1

I'm confused as to how PHP determines whether a variable is a string or an array. It seems to depend on the operators being used.

Here's an example:

<?php
$z1 = "abc";
$out = "";
for ($i = 0; $i < strlen($z1); $i++)
{
    // $out[$i] = $z1[$i]; 
    $out = $out.$z1[$i];
}
print $out;
?>

In the above version $out becomes a string (print $z1 shows "abc"). However, if I use the first line $out[$i] = $z1[$i];, $out becomes an array.

Can someone please clarify why this happens, and if its possible to access a string's characters with square brackets without converting the output to an array?

2
  • Interestingly, if you initialise $out as a non-empty string, e.g. $out = 'a', it stays a string... Commented May 18, 2014 at 19:00
  • 1
    From the PHP Manual: String access and modification by character. As a more general note, the PHP Manual is quite good: you should take a look. Commented May 18, 2014 at 19:00

2 Answers 2

1

The definition of a string in PHP is considered a set of data writen in linear format (i.e: $var = "username=SmokeyBear05,B-day=01/01/1980";)

An array however is a set of data broken down into several parts. A sort of list format if you will.
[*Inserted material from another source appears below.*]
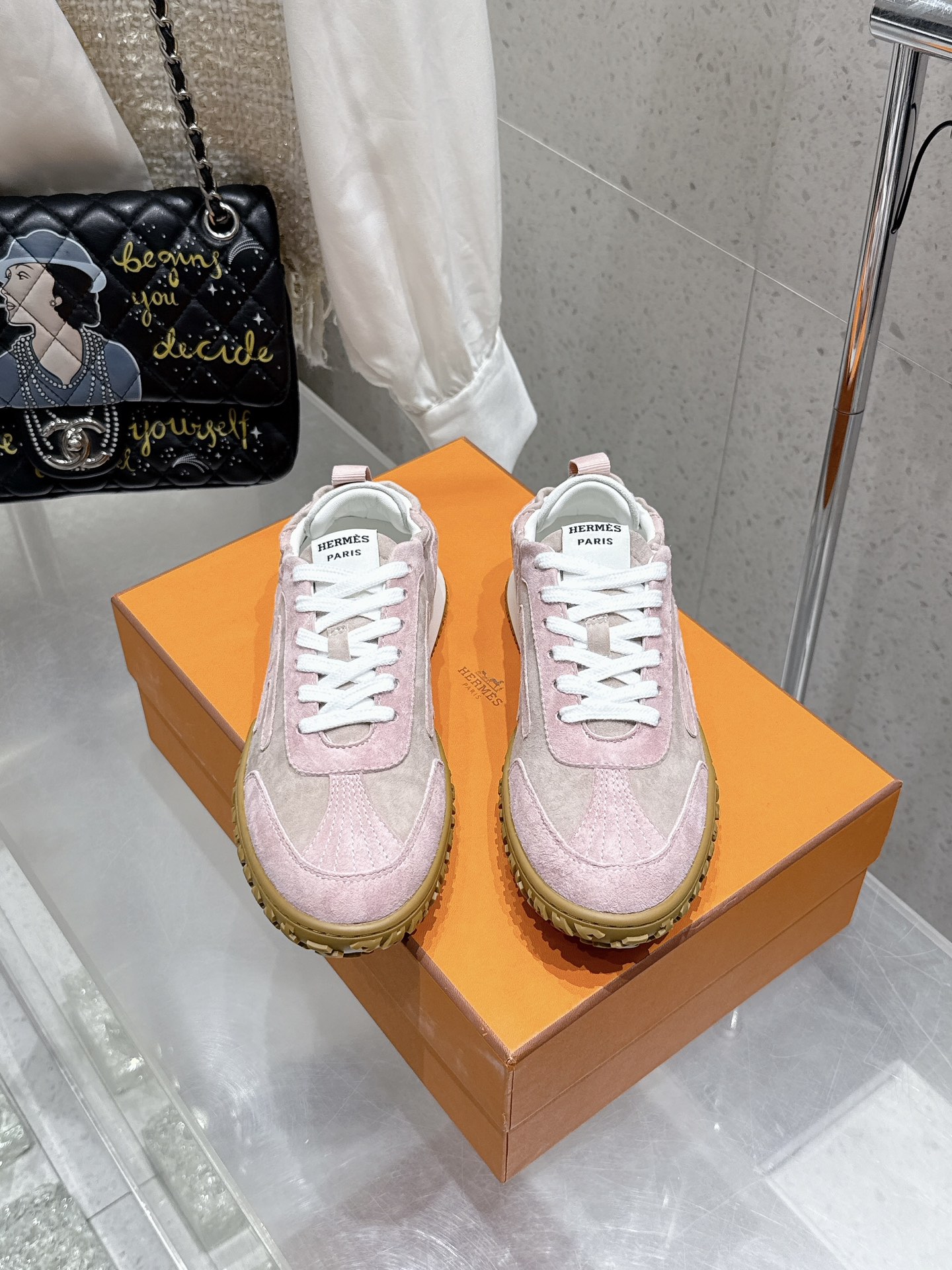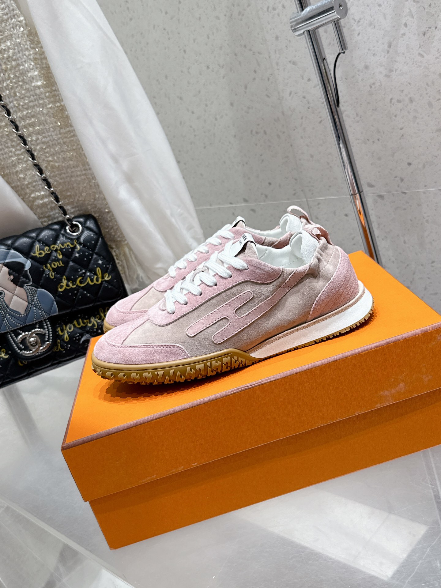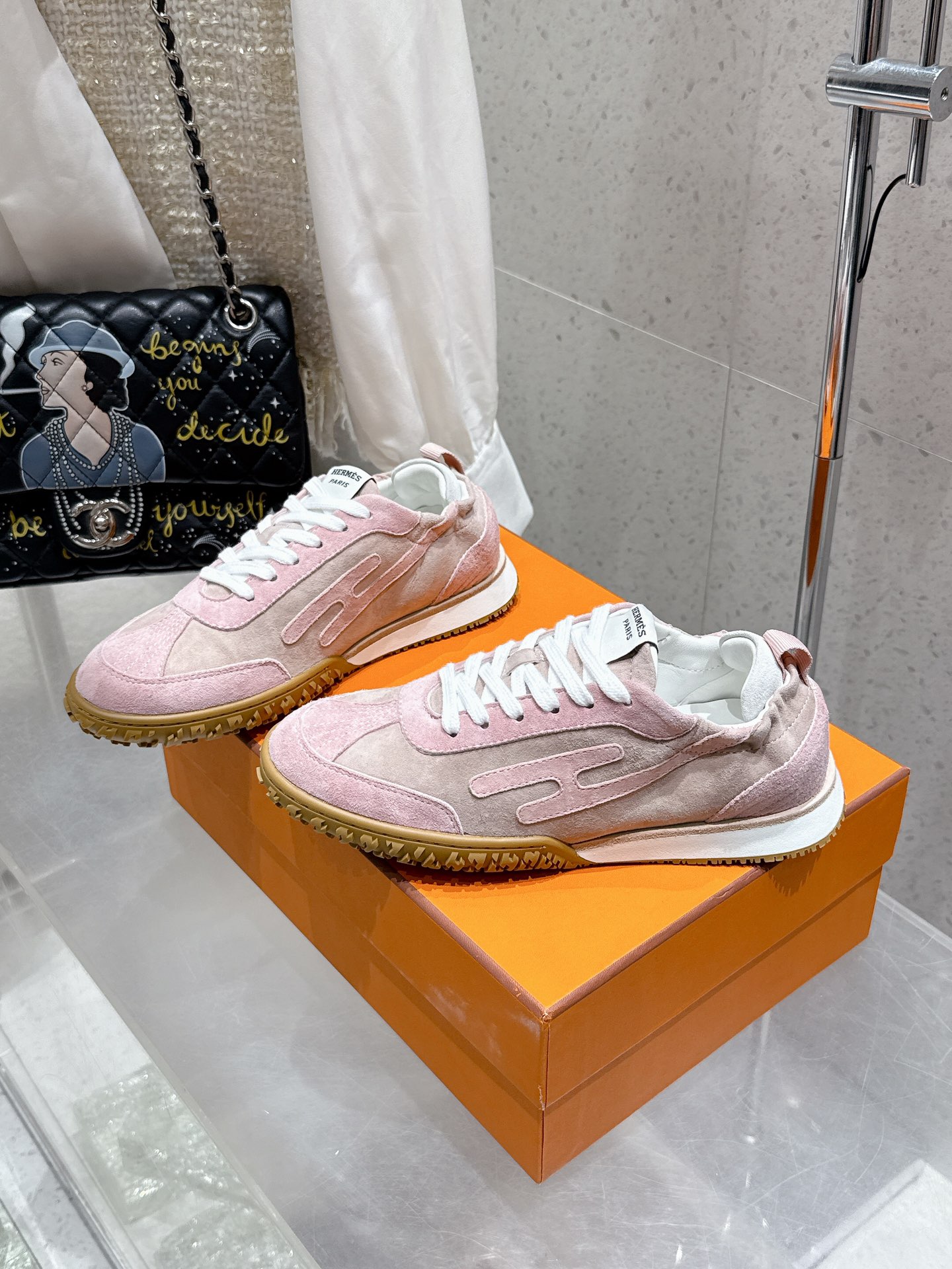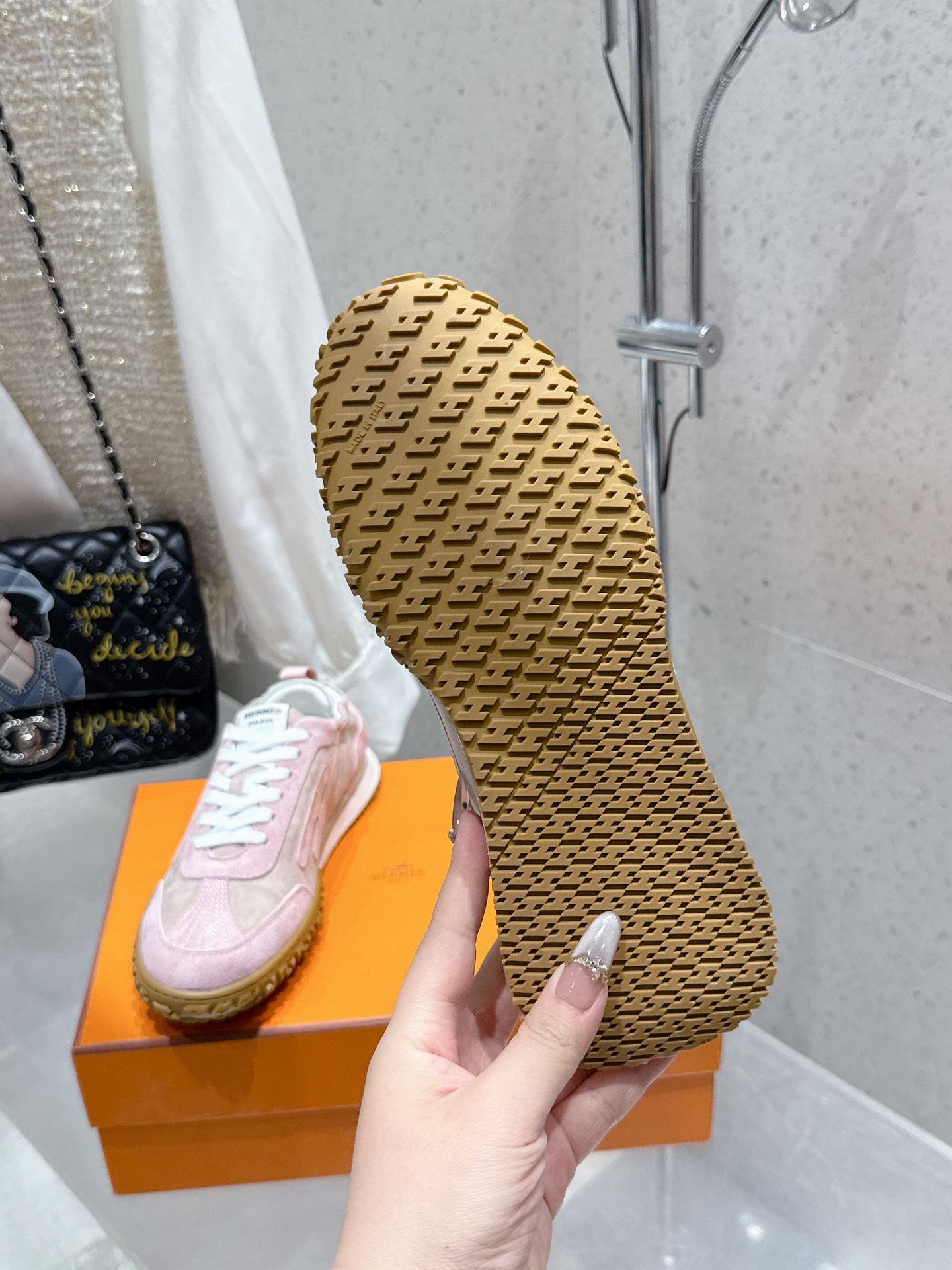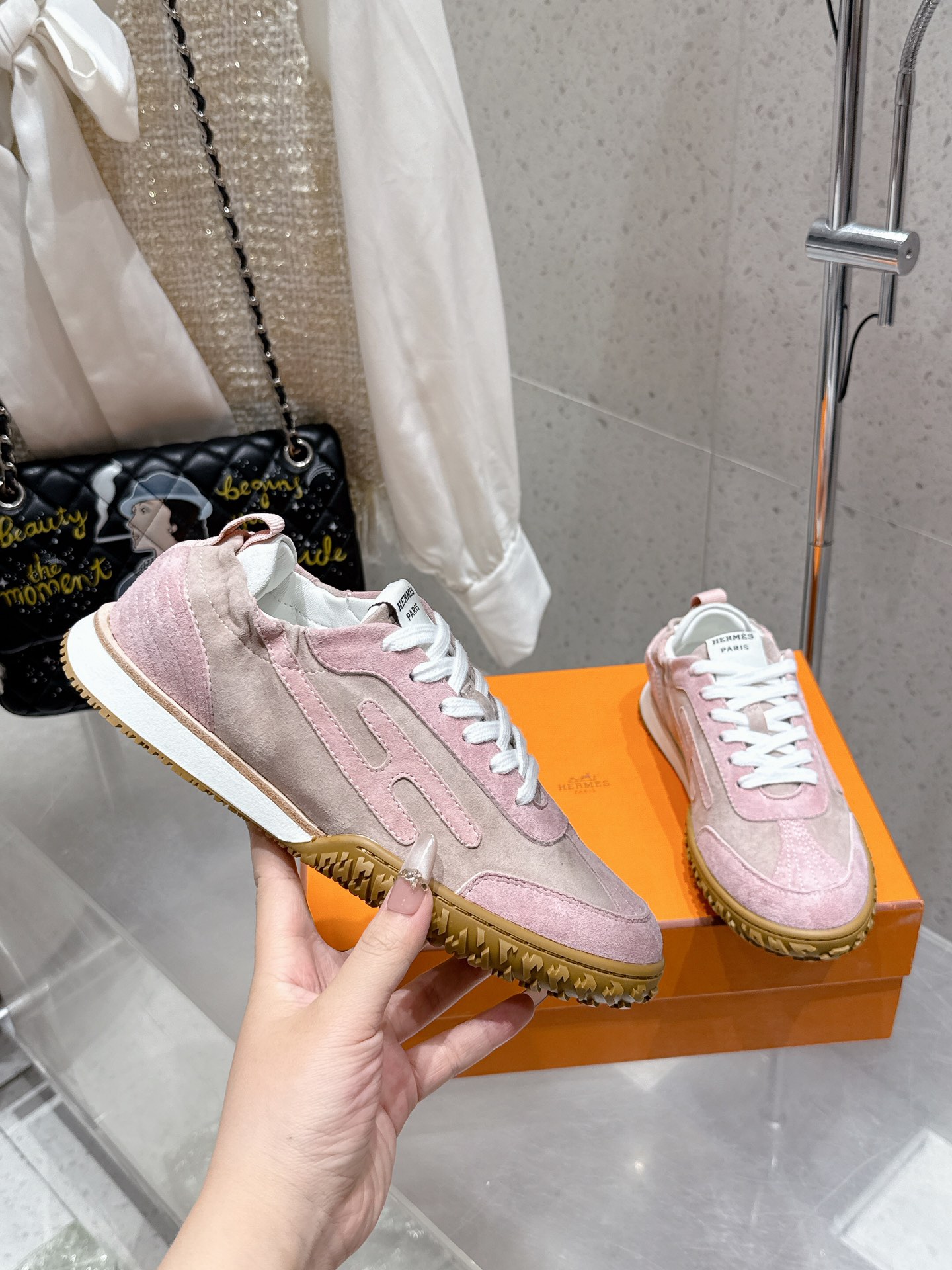 这款鞋子是AAAAA 1:1 质量 (非常棒). 使用了和原版一模一样的材料. 商标部分也保持了和爱马仕/Hermes一样. 图片拍摄是实物鞋子拍摄, 您所收到的实物保证和我们图片一模一样.

As an example I've written the data string from before, into an array format...

Array(['username']=>"SmokeyBear05", ['B-day']=>"01/01/1980")

Now strings are generally defined as such: $var="Your String"; Arrays however can be written in three different formats:

$var1 = array('data1','data2','data3');
$var2 = array('part A'=>'data1','part B'=>'data2','part C'=>'data3');

The output of var1 starts the index value at 0. The output of var2 however, sets a custom index value. Now the third way to write an array (least common format) is as such:

$var[0]="data1";
$var[1]="data2";
$var[2]="data3";

This takes more work, but allows you to set the index.

Most web developers working with PHP will set data from an external source as a string to deliver it to another PHP script, and then break it down into an array using the explode() function.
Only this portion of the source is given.